WHAT IS EXPECTED: Each line in the material below, starting at the one with "시스템 사용의 편리성, 개방성으로" and ending at the one with "Une vieille charrette", is to be reproduced exactly; no picture is to be copied.

EXERCISE DATA:
• • • • • • •
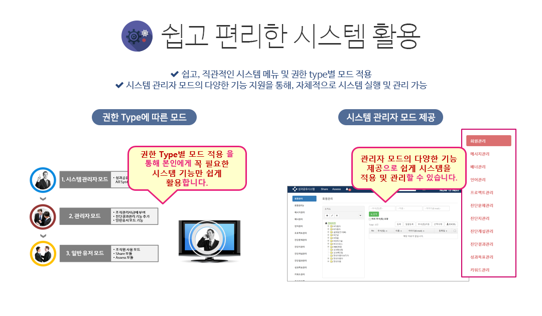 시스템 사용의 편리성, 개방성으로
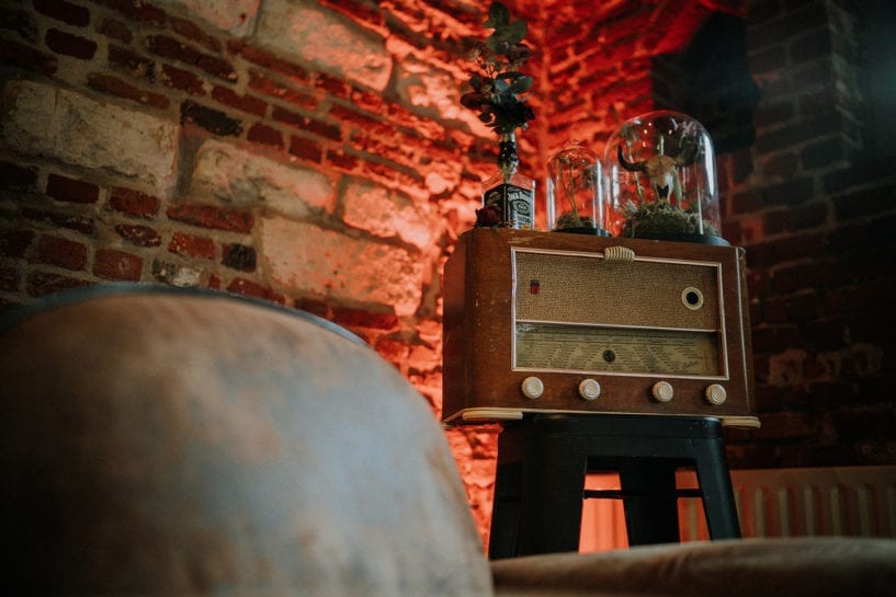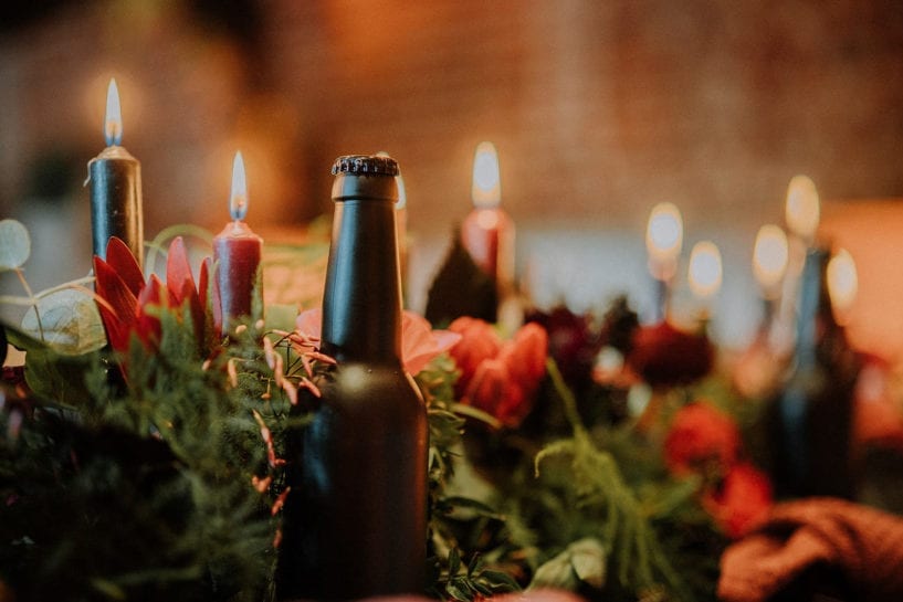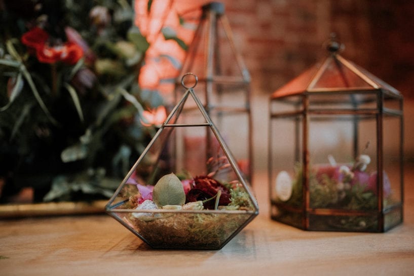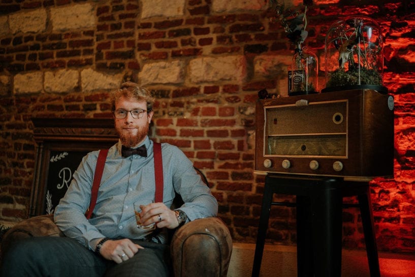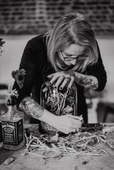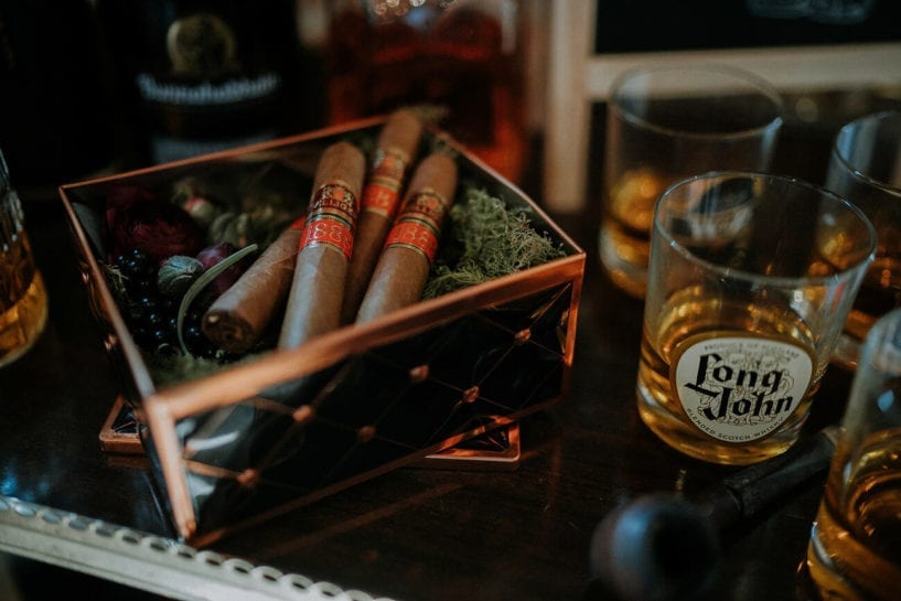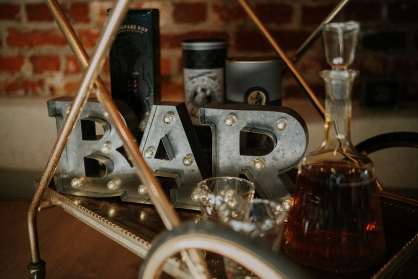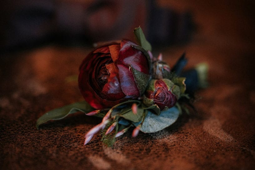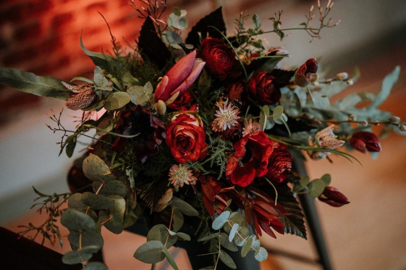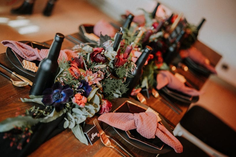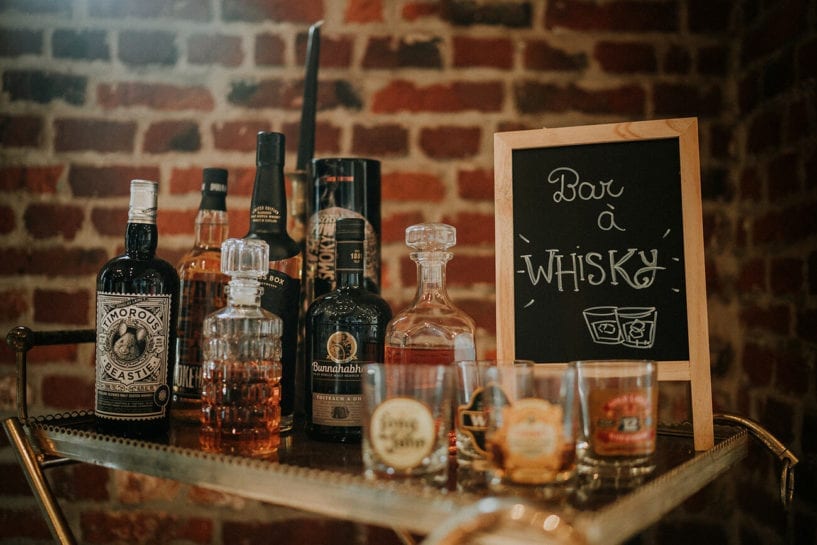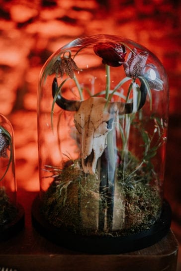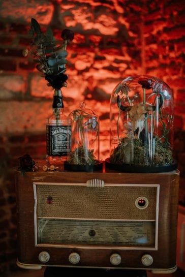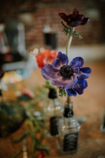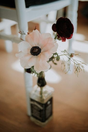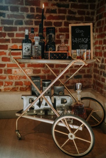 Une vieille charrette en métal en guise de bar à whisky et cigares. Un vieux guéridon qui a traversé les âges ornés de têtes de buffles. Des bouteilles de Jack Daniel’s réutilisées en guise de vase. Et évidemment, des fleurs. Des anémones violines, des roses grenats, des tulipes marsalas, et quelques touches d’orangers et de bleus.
• • • • • • •
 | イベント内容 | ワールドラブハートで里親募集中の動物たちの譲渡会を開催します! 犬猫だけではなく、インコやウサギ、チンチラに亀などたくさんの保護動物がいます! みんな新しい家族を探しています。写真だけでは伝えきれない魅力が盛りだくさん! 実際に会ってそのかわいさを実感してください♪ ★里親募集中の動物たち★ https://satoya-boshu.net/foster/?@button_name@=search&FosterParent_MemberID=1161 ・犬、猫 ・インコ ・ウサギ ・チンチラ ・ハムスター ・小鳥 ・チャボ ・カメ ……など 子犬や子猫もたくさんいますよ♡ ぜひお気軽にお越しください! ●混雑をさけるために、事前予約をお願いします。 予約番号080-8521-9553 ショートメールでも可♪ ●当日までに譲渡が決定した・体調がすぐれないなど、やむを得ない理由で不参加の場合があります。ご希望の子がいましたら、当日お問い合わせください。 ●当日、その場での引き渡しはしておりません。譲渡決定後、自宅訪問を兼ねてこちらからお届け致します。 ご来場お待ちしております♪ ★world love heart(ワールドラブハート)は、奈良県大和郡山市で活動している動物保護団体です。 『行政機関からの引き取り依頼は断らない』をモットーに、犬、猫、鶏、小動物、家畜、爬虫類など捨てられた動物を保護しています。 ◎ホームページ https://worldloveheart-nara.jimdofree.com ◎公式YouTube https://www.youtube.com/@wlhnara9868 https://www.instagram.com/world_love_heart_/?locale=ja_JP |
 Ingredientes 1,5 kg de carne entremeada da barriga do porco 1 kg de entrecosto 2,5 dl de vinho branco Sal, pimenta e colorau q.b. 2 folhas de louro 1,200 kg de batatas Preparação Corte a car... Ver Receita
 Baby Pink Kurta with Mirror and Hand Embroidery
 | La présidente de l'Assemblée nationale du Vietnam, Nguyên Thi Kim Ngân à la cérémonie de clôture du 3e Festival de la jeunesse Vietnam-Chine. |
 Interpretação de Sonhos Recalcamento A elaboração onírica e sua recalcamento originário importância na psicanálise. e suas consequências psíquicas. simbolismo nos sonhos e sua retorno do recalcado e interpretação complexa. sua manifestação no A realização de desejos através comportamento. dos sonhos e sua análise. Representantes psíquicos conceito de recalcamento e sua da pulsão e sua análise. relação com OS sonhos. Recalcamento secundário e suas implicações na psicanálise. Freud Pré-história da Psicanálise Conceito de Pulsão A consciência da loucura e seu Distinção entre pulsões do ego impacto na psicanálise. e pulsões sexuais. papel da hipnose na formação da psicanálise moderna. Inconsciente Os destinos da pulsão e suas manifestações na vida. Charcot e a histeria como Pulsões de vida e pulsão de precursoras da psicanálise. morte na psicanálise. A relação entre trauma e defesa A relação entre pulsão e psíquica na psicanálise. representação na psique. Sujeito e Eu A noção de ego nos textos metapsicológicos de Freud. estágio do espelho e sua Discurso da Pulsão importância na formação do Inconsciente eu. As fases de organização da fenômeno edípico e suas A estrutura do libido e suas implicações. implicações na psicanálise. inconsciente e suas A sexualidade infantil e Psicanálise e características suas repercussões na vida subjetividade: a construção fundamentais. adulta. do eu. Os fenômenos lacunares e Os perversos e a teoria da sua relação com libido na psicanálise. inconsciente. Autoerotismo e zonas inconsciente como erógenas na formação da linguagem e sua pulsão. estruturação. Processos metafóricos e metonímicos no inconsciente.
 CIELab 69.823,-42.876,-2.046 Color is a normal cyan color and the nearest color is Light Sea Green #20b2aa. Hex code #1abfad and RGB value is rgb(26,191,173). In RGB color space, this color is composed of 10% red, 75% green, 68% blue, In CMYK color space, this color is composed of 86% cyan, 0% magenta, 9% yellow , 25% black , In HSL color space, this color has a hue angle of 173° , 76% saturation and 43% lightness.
• • • • • • •
REPLY:
 시스템 사용의 편리성, 개방성으로
 Une vieille charrette en métal en guise de bar à whisky et cigares. Un vieux guéridon qui a traversé les âges ornés de têtes de buffles. Des bouteilles de Jack Daniel’s réutilisées en guise de vase. Et évidemment, des fleurs. Des anémones violines, des roses grenats, des tulipes marsalas, et quelques touches d’orangers et de bleus.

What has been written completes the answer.